The book consists of five visions granted to Hermas, a former slave. This is followed by twelve mandates or commandments, and ten similitudes (that is, parables). It commences abruptly in the first person: "He who brought me up sold me to a certain Rhode, who was at Rome. After many years I met her again, and began to love her as a sister." As Hermas is on the road to Cumae, he has a vision of Rhoda. She tells him that she is now his accuser in heaven, on account of unchaste and impure thoughts with which the (now) married narrator once had regarding her. He is to repent and pray for forgiveness, for himself and all his house. He is consoled by a vision of the Church in the form of an aged woman, weak and helpless from the sins of her unfaithful children, who tells him to bear fruits of repentance and to correct the sins of his children. Subsequently, after his repentance he sees her made younger, yet still wrinkled and with white hair; then again, later she appears as quite young but still with white hair; and lastly, she shows herself as a glorious Bride.

This allegorical language continues through the other parts of the work. In the second vision she gives Hermas a book, which she later takes back in order to add to it. The fifth vision, which is represented as taking place 20 days after the fourth, introduces "the Angel (Messenger) of repentance" in the guise of a shepherd, from whom the whole work takes its name. He delivers to Hermas a series of precepts (Latin: mandata; Greek: ἐντολαί, entolai), which form an interesting development of early Christian ethics. One point which deserves special mention is the instruction of a Christian husband's obligation to forgive and take back an adulterous wife upon her repentance. The eleventh mandate, on humility, is concerned with false prophets who desire to occupy the primary, or best seats (that is to say, among the presbyters). Some have seen here a reference to Marcion, who came to Rome c. 140 and desired to be admitted among the priests (or possibly even to become bishop of Rome).

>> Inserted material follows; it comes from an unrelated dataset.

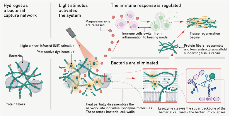 Our work Photo-reversible Amyloid NanoNETs for Regenerative Antimicrobial Therapies is reported by ETH News, bionity.

After the mandates come ten similitudes (Latin: similitudines; Greek: παραβολαί, parabolai) in the form of visions (Latin: visiones; Greek: ὁράσεις, horaseis) which are explained by the angel. The longest of these (Similitude 9) is an elaboration of the parable of the building of a tower, which had formed the matter of the third vision. The tower is the Church, and the stones of which it is built are the faithful. In the third vision it looks as though only the holy are a part of the true Church; in Similitude 9 it is clearly pointed out that all the baptized are included, though they may be cast out for grave sins, and can be readmitted only after repentance.

==Authorship and date==
Textual criticism, the nature of the theology, and the author's apparent familiarity with the Book of Revelation and other Johannine texts are thought to set the date of composition in the 2nd century. However, several ancient witnesses support an early dating and there is internal evidence for the place and date of this work in the language and theology of the work. The reference to an unknown Clement is presumed by some to be Clement of Rome; if this is that Clement, it would suggest a date c. 90 for at least the historicised setting of the first two visions. Since Paul sent greetings to a Hermas, a Christian of Rome (Romans 16:14), a minority have followed Origen of Alexandria's opinion that he was the author of this religious allegory.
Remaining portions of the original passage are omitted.